### What you have to do
Please keep to the lines below from the one with "团队成员刘涛聚焦于湖北省利川" through the one with "Picking an oldie", and restate them word for word, ends included.

### Supplied data
▼
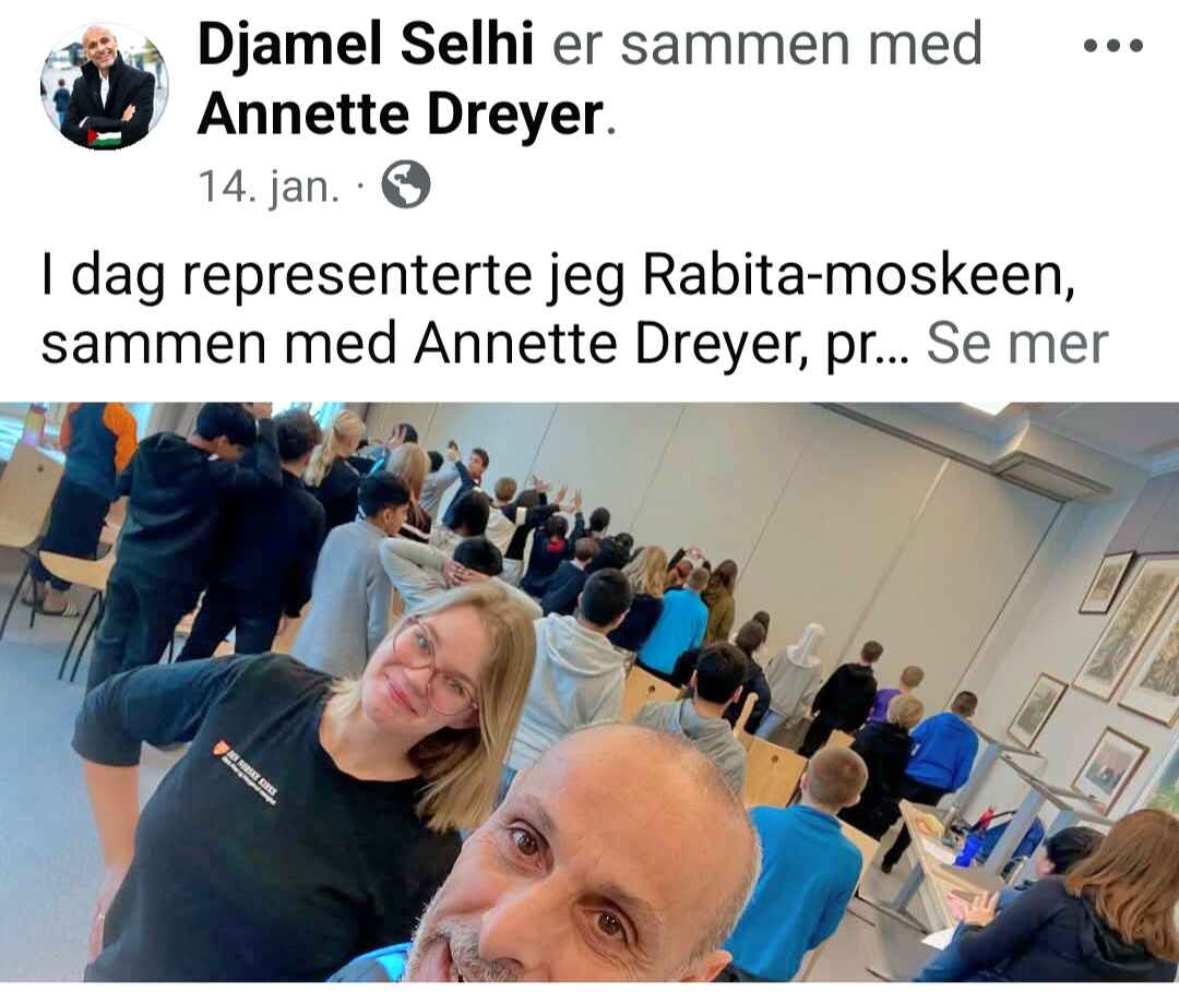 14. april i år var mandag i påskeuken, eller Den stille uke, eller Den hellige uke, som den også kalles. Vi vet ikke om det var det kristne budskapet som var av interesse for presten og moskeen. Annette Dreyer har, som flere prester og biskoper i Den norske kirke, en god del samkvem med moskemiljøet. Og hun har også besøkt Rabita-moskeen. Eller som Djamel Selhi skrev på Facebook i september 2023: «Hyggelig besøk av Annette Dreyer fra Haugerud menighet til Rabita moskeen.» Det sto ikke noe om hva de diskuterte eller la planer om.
▲
▼
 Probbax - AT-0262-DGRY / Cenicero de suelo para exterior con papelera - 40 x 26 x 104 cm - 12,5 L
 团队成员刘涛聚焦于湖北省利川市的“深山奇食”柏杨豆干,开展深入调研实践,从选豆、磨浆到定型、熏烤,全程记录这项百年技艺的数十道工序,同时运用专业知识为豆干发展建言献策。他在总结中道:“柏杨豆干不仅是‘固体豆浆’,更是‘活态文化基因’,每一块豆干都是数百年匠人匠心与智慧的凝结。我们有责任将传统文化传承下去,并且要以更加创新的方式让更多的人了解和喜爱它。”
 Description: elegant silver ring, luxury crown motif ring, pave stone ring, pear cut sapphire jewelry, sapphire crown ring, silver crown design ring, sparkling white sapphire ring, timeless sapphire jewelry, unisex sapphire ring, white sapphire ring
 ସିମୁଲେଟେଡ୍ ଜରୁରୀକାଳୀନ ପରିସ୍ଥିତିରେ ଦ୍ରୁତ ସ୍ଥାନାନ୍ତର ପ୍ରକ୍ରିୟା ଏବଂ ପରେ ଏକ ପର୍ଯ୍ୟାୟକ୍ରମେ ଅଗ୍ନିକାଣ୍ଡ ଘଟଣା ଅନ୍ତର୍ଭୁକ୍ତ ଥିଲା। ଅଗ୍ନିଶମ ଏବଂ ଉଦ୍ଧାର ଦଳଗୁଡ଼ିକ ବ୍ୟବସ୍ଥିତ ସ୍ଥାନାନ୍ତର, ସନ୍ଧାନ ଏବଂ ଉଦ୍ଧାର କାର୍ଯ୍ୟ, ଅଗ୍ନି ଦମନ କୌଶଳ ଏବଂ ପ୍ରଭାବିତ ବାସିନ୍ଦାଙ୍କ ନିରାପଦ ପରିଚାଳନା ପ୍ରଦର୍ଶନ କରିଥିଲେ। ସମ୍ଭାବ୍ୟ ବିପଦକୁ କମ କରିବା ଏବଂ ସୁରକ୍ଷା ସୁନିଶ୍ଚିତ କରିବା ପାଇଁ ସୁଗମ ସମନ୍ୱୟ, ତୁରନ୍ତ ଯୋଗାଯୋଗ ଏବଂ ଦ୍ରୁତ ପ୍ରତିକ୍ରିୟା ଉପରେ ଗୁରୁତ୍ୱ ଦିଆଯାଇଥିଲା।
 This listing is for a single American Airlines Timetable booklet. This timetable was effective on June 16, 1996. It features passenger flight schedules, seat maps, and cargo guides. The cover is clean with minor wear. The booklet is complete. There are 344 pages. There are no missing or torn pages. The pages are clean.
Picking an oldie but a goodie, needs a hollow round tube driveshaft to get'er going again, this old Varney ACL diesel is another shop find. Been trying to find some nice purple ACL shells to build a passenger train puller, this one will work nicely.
▲
▼
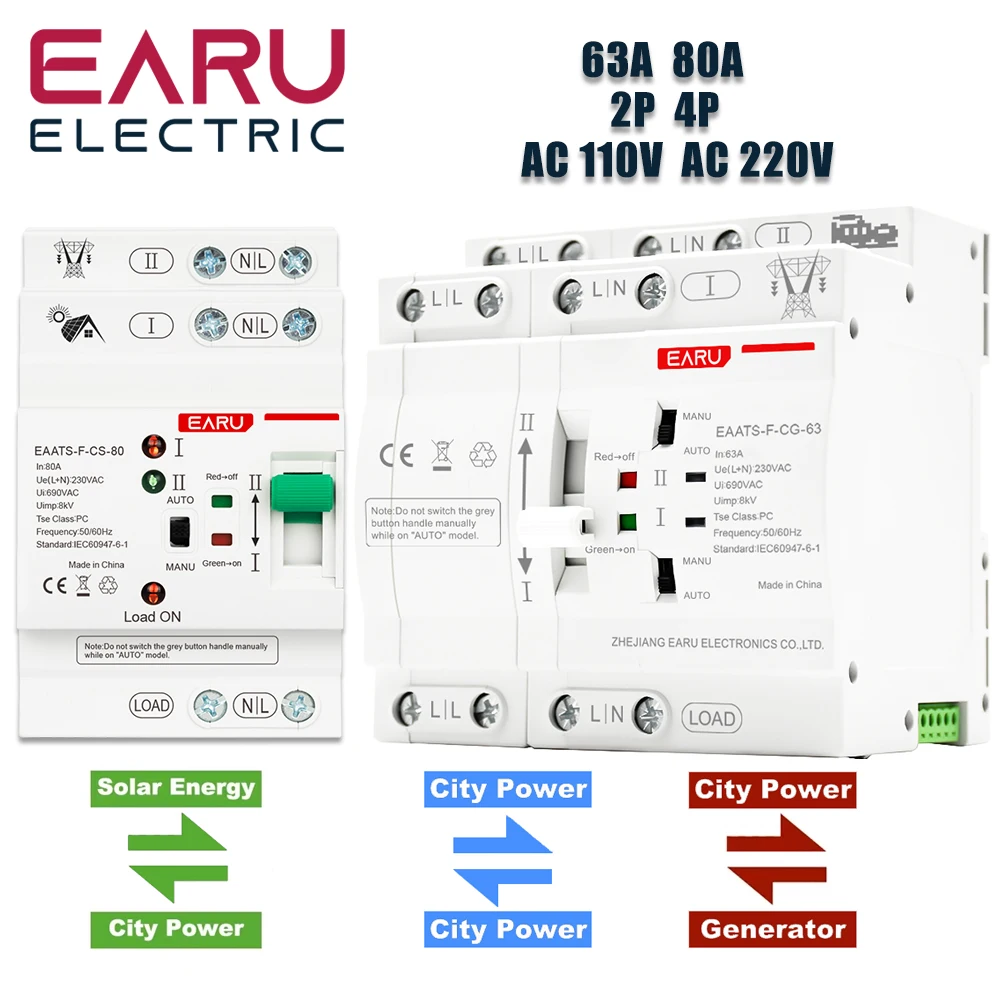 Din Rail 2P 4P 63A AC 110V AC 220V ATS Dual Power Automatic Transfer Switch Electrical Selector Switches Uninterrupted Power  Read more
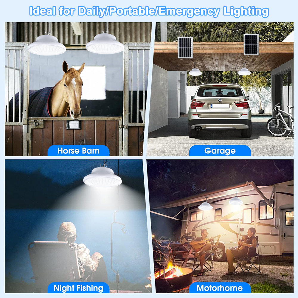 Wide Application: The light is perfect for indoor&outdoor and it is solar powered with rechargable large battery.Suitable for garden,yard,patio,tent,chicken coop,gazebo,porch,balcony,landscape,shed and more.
▲
### Solution below
 团队成员刘涛聚焦于湖北省利川市的“深山奇食”柏杨豆干,开展深入调研实践,从选豆、磨浆到定型、熏烤,全程记录这项百年技艺的数十道工序,同时运用专业知识为豆干发展建言献策。他在总结中道:“柏杨豆干不仅是‘固体豆浆’,更是‘活态文化基因’,每一块豆干都是数百年匠人匠心与智慧的凝结。我们有责任将传统文化传承下去,并且要以更加创新的方式让更多的人了解和喜爱它。”
 Description: elegant silver ring, luxury crown motif ring, pave stone ring, pear cut sapphire jewelry, sapphire crown ring, silver crown design ring, sparkling white sapphire ring, timeless sapphire jewelry, unisex sapphire ring, white sapphire ring
 ସିମୁଲେଟେଡ୍ ଜରୁରୀକାଳୀନ ପରିସ୍ଥିତିରେ ଦ୍ରୁତ ସ୍ଥାନାନ୍ତର ପ୍ରକ୍ରିୟା ଏବଂ ପରେ ଏକ ପର୍ଯ୍ୟାୟକ୍ରମେ ଅଗ୍ନିକାଣ୍ଡ ଘଟଣା ଅନ୍ତର୍ଭୁକ୍ତ ଥିଲା। ଅଗ୍ନିଶମ ଏବଂ ଉଦ୍ଧାର ଦଳଗୁଡ଼ିକ ବ୍ୟବସ୍ଥିତ ସ୍ଥାନାନ୍ତର, ସନ୍ଧାନ ଏବଂ ଉଦ୍ଧାର କାର୍ଯ୍ୟ, ଅଗ୍ନି ଦମନ କୌଶଳ ଏବଂ ପ୍ରଭାବିତ ବାସିନ୍ଦାଙ୍କ ନିରାପଦ ପରିଚାଳନା ପ୍ରଦର୍ଶନ କରିଥିଲେ। ସମ୍ଭାବ୍ୟ ବିପଦକୁ କମ କରିବା ଏବଂ ସୁରକ୍ଷା ସୁନିଶ୍ଚିତ କରିବା ପାଇଁ ସୁଗମ ସମନ୍ୱୟ, ତୁରନ୍ତ ଯୋଗାଯୋଗ ଏବଂ ଦ୍ରୁତ ପ୍ରତିକ୍ରିୟା ଉପରେ ଗୁରୁତ୍ୱ ଦିଆଯାଇଥିଲା।
 This listing is for a single American Airlines Timetable booklet. This timetable was effective on June 16, 1996. It features passenger flight schedules, seat maps, and cargo guides. The cover is clean with minor wear. The booklet is complete. There are 344 pages. There are no missing or torn pages. The pages are clean.
Picking an oldie but a goodie, needs a hollow round tube driveshaft to get'er going again, this old Varney ACL diesel is another shop find. Been trying to find some nice purple ACL shells to build a passenger train puller, this one will work nicely.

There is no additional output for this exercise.